Materials provided:
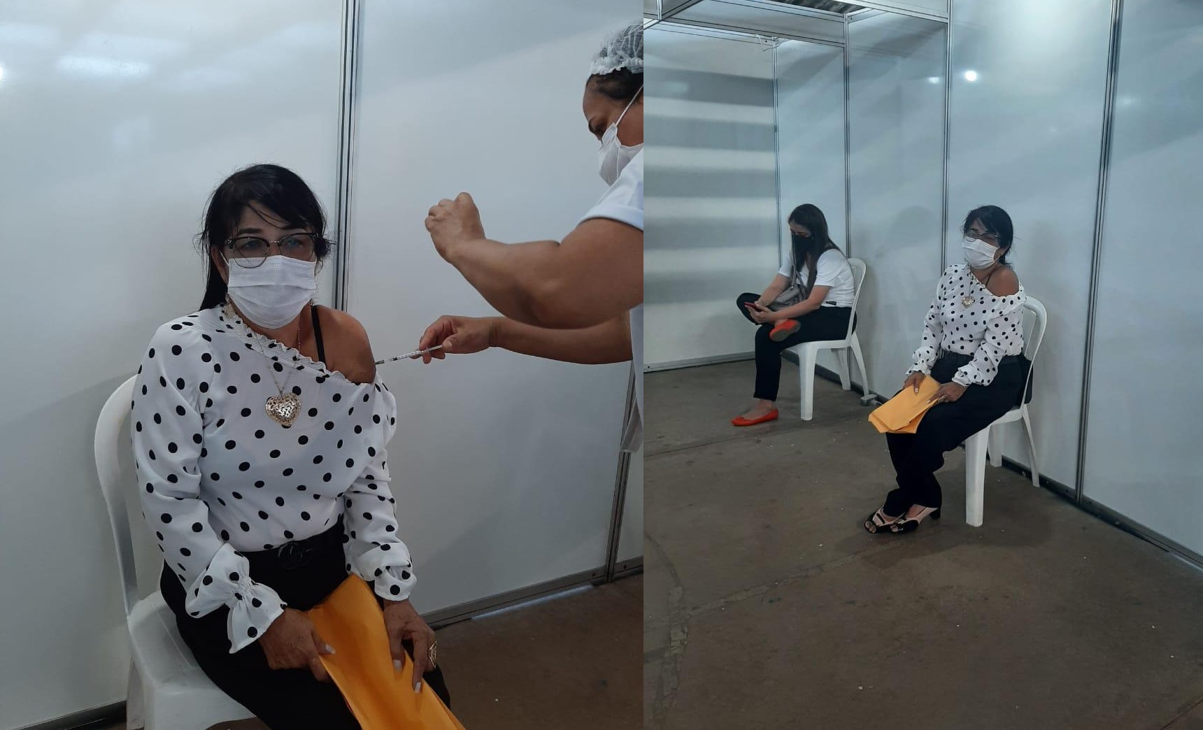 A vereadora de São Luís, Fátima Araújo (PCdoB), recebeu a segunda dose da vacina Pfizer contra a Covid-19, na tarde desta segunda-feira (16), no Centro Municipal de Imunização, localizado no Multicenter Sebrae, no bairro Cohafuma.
* * *
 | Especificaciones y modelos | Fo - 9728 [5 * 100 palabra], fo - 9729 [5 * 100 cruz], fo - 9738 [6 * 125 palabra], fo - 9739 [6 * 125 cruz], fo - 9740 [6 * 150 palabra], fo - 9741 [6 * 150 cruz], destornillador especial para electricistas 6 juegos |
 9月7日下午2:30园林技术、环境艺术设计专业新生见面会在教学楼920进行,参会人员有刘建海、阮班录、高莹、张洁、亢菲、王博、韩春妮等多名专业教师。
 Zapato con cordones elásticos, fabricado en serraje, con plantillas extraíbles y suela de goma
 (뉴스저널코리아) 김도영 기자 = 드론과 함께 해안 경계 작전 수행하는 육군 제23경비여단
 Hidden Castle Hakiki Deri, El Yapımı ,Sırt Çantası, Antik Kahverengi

Task directions: Give back exactly the lines above, from the line containing "Zapato con cordones" through the line containing "Hidden Castle Hakiki", with both end lines and nothing more.

Exercise output:
 Zapato con cordones elásticos, fabricado en serraje, con plantillas extraíbles y suela de goma
 (뉴스저널코리아) 김도영 기자 = 드론과 함께 해안 경계 작전 수행하는 육군 제23경비여단
 Hidden Castle Hakiki Deri, El Yapımı ,Sırt Çantası, Antik Kahverengi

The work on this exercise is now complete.